=== EXERCISE DETAILS ===
Give the records again exactly, but drop the pictures.

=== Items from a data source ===
--- START ---

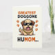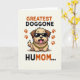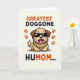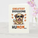 This card shows a tan, cartoon-style dog centered on a soft cream background, standing in a rounded pose that feels friendly and inviting ❤️. Dark shiny sunglasses sit across its face, giving it a cool look that contrasts with the warm, open-mouthed grin and little pink tongue. A thick gold-toned chain hangs at its neck, adding a funny touch that makes the character feel like it’s showing off for someone it adores. On both sides, orange-brown paw prints mirror each other, like a decorative frame around the dog. At the top, large uppercase text in orange-brown reads “GREATEST DOGGONE HUMOM...” and the letters are thick and easy to spot. Near the bottom, matching uppercase text in black continues the message, spaced to balance the design, with a small 🌼 accent nearby. The cream background stays uncluttered so the warm paw prints, the bold lettering, and the dog’s sunglasses and chain stand out with crisp edges.
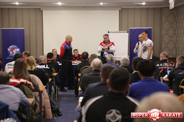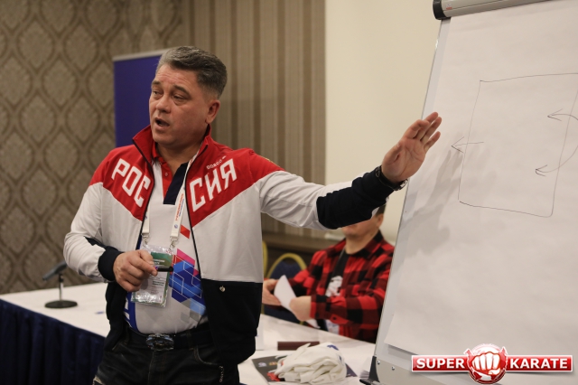 Первый рабочий день для судей, прошел под руководством шихана Рамиля Габбасова - главы судейского комитета KWU и продлился шесть часов с одним перерывом.
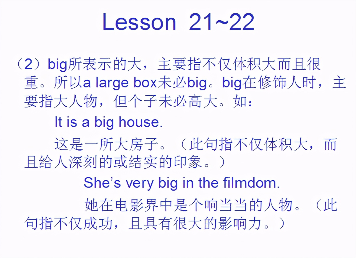 large主要指体积、面积、形状、数量方面的大,修饰人时指个子大。如:
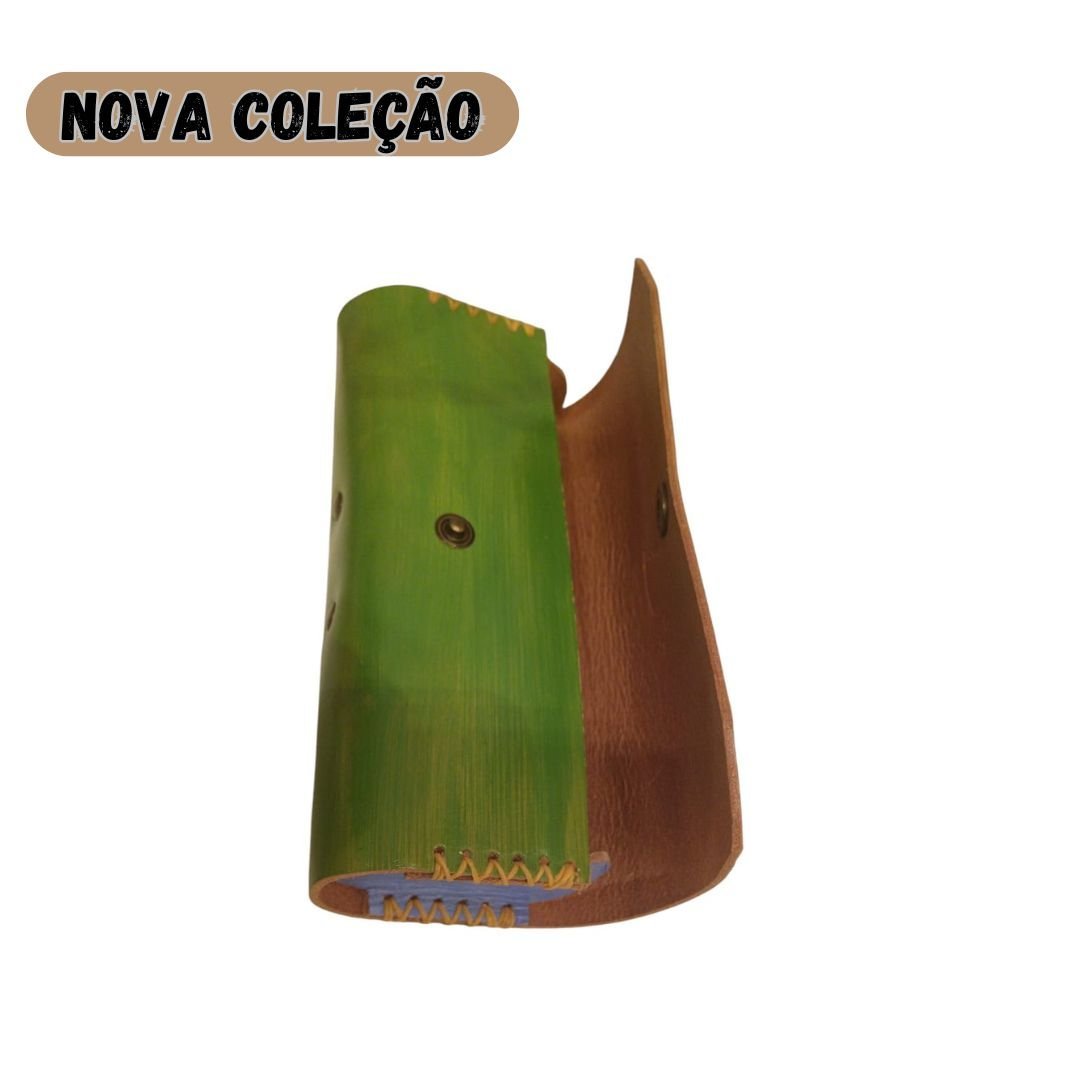Artigo em pele natural, totalmente feito à mão, cosido à mão, pintado à mão.
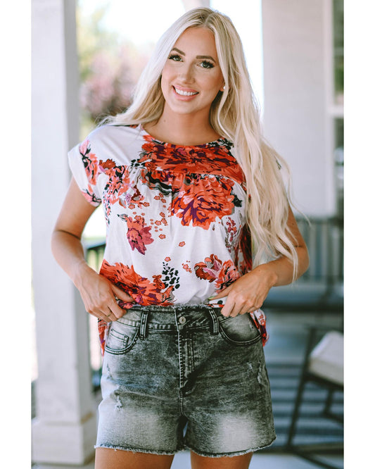 Azura Exchange Print Keyhole Back Short Sleeve Babydoll Blouse - XL
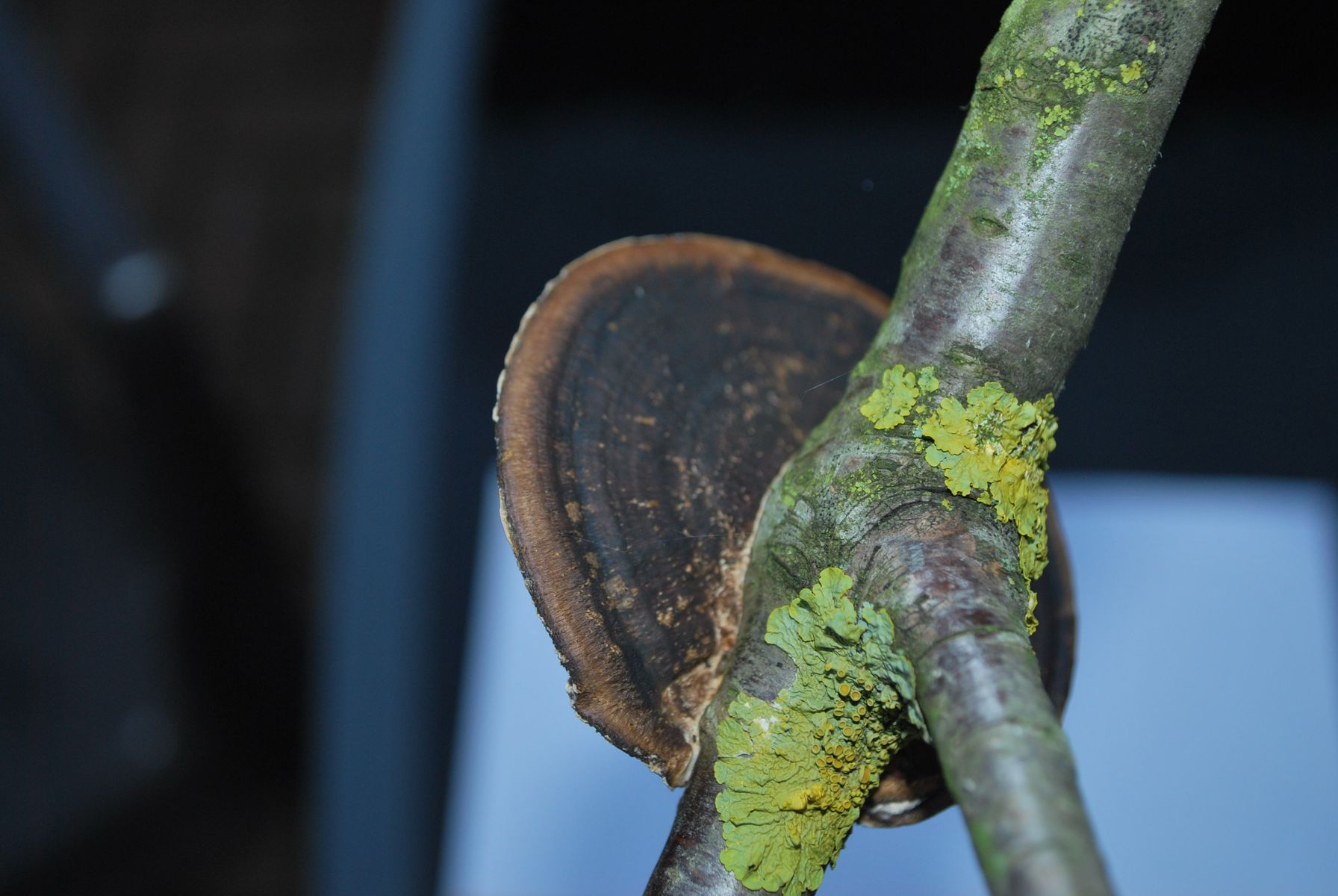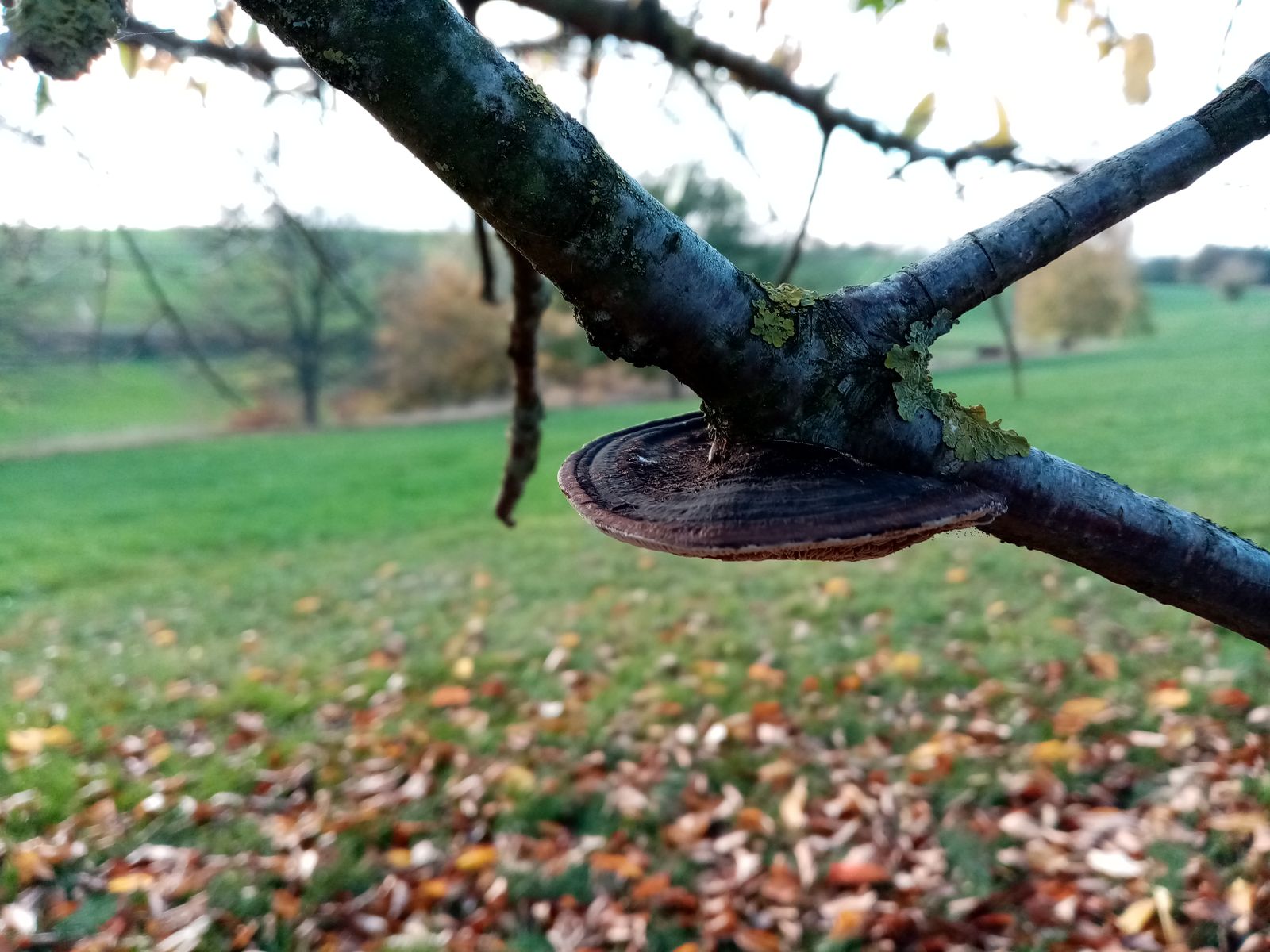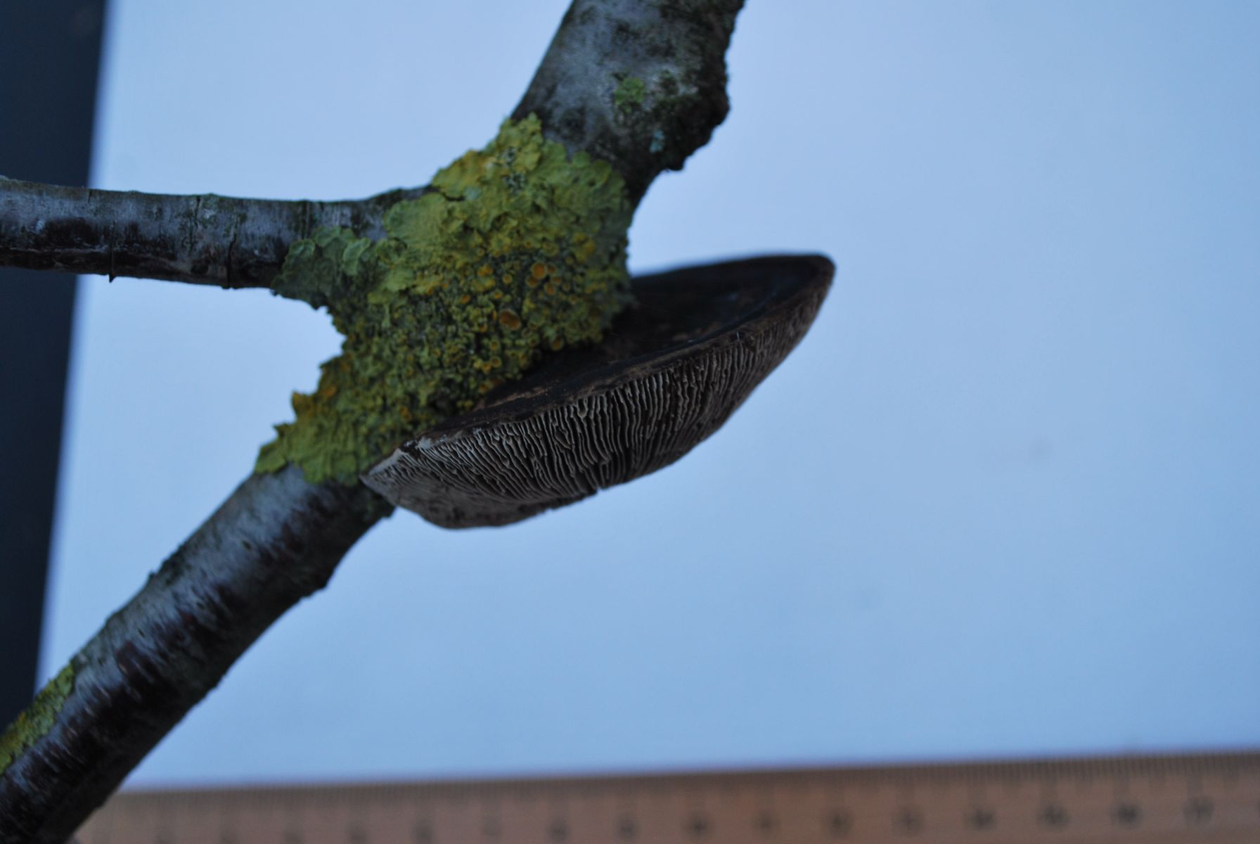 diesen FK fand ich heute an einem faktisch abgestorbenen Ast eines Vogelkirsche-Gehölzes (Prunus avium) auf einer Wiese neben Äckern (er brach noch ab) und ich halte ihn aufgrund der Merkmale für Gloeophyllum separium (Wulfen: Fr.) P. Karst. Ich dachte aber, diese Art kommt nur auf Nadelhölzern vor und dieses Gehölz war eindeutig eine Vogel-Kirsche, mithin ein Rosengewächs.

--- END ---

=== RESULT BELOW ===
 This card shows a tan, cartoon-style dog centered on a soft cream background, standing in a rounded pose that feels friendly and inviting ❤️. Dark shiny sunglasses sit across its face, giving it a cool look that contrasts with the warm, open-mouthed grin and little pink tongue. A thick gold-toned chain hangs at its neck, adding a funny touch that makes the character feel like it’s showing off for someone it adores. On both sides, orange-brown paw prints mirror each other, like a decorative frame around the dog. At the top, large uppercase text in orange-brown reads “GREATEST DOGGONE HUMOM...” and the letters are thick and easy to spot. Near the bottom, matching uppercase text in black continues the message, spaced to balance the design, with a small 🌼 accent nearby. The cream background stays uncluttered so the warm paw prints, the bold lettering, and the dog’s sunglasses and chain stand out with crisp edges.
 Первый рабочий день для судей, прошел под руководством шихана Рамиля Габбасова - главы судейского комитета KWU и продлился шесть часов с одним перерывом.
 large主要指体积、面积、形状、数量方面的大,修饰人时指个子大。如:
Artigo em pele natural, totalmente feito à mão, cosido à mão, pintado à mão.
 Azura Exchange Print Keyhole Back Short Sleeve Babydoll Blouse - XL
 diesen FK fand ich heute an einem faktisch abgestorbenen Ast eines Vogelkirsche-Gehölzes (Prunus avium) auf einer Wiese neben Äckern (er brach noch ab) und ich halte ihn aufgrund der Merkmale für Gloeophyllum separium (Wulfen: Fr.) P. Karst. Ich dachte aber, diese Art kommt nur auf Nadelhölzern vor und dieses Gehölz war eindeutig eine Vogel-Kirsche, mithin ein Rosengewächs.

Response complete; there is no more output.